■ PROMPT: Transcribe, starting at the line with "Xiaomi 14T Pro" and ending at the line with "Keittiö on omana", every line of the material below exactly, but leave out the pictures and anything outside that span.

■ DATA SUPPLIED:
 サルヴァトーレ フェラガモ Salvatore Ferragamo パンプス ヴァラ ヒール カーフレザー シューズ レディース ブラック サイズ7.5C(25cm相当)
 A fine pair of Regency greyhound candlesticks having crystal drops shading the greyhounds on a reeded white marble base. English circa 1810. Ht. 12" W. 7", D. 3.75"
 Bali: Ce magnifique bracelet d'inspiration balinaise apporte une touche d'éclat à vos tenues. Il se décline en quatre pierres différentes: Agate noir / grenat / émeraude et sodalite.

---

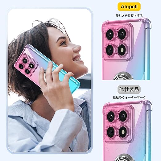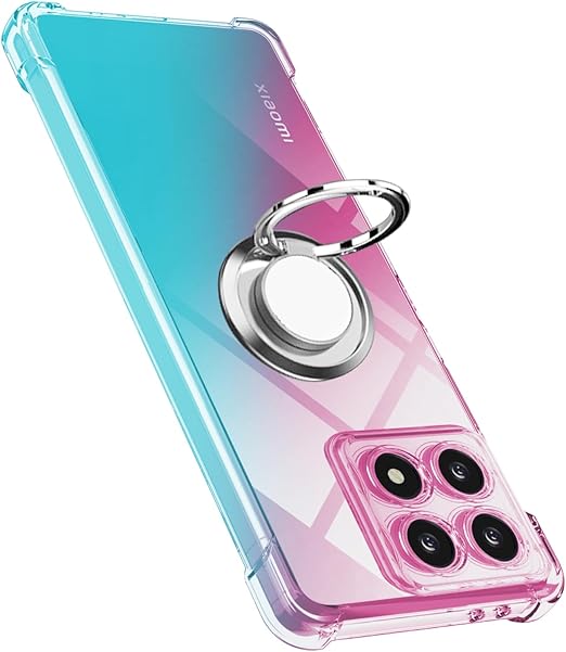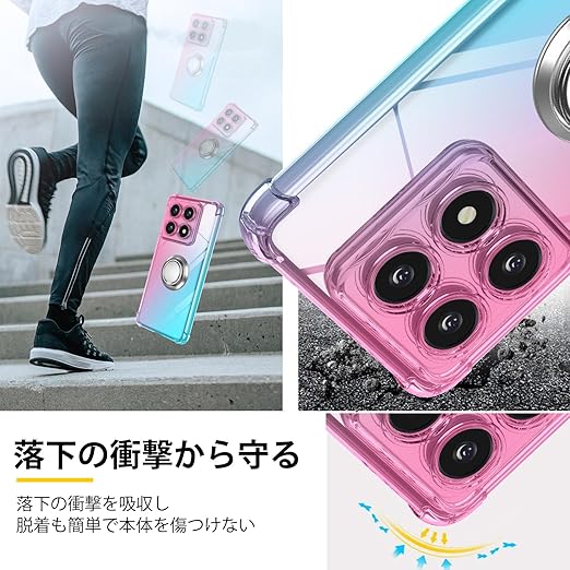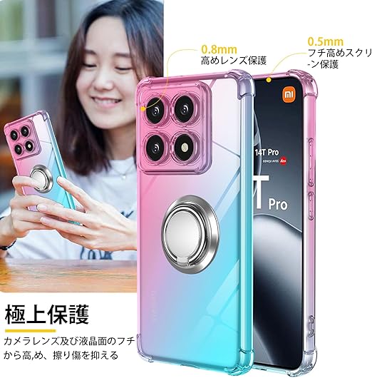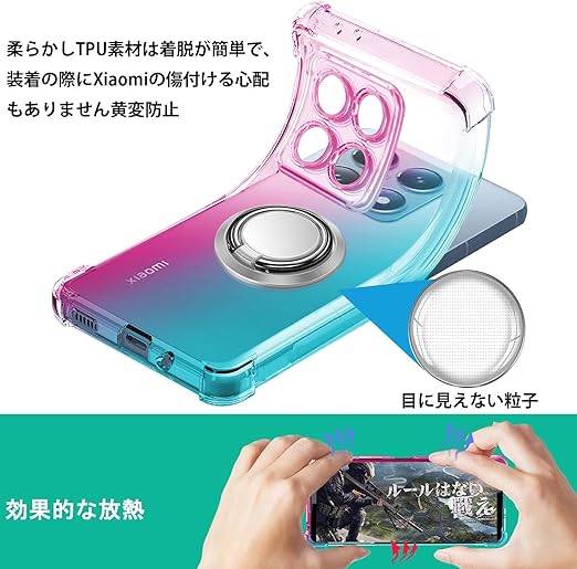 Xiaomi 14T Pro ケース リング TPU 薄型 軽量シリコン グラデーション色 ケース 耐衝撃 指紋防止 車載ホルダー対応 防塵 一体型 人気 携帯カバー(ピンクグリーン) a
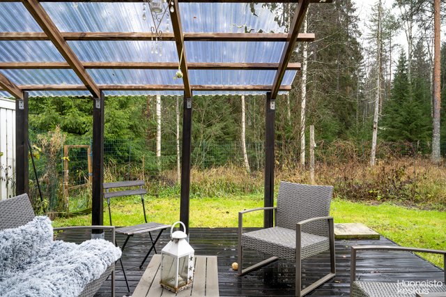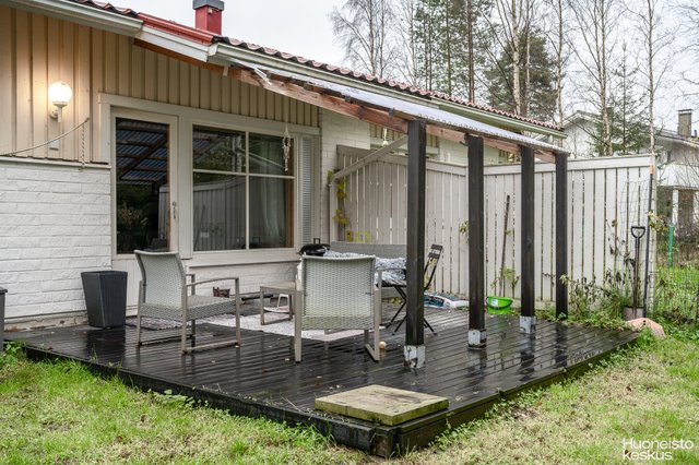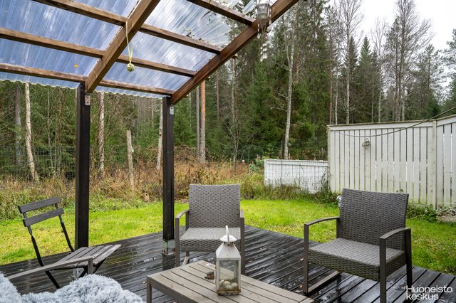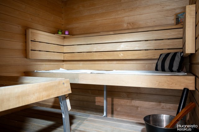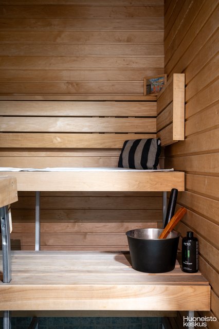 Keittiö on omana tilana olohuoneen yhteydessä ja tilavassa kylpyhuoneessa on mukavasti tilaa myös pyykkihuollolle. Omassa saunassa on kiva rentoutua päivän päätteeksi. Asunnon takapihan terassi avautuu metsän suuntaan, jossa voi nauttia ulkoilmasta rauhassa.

■ RESULT FOR THIS TASK:
 Xiaomi 14T Pro ケース リング TPU 薄型 軽量シリコン グラデーション色 ケース 耐衝撃 指紋防止 車載ホルダー対応 防塵 一体型 人気 携帯カバー(ピンクグリーン) a
 Keittiö on omana tilana olohuoneen yhteydessä ja tilavassa kylpyhuoneessa on mukavasti tilaa myös pyykkihuollolle. Omassa saunassa on kiva rentoutua päivän päätteeksi. Asunnon takapihan terassi avautuu metsän suuntaan, jossa voi nauttia ulkoilmasta rauhassa.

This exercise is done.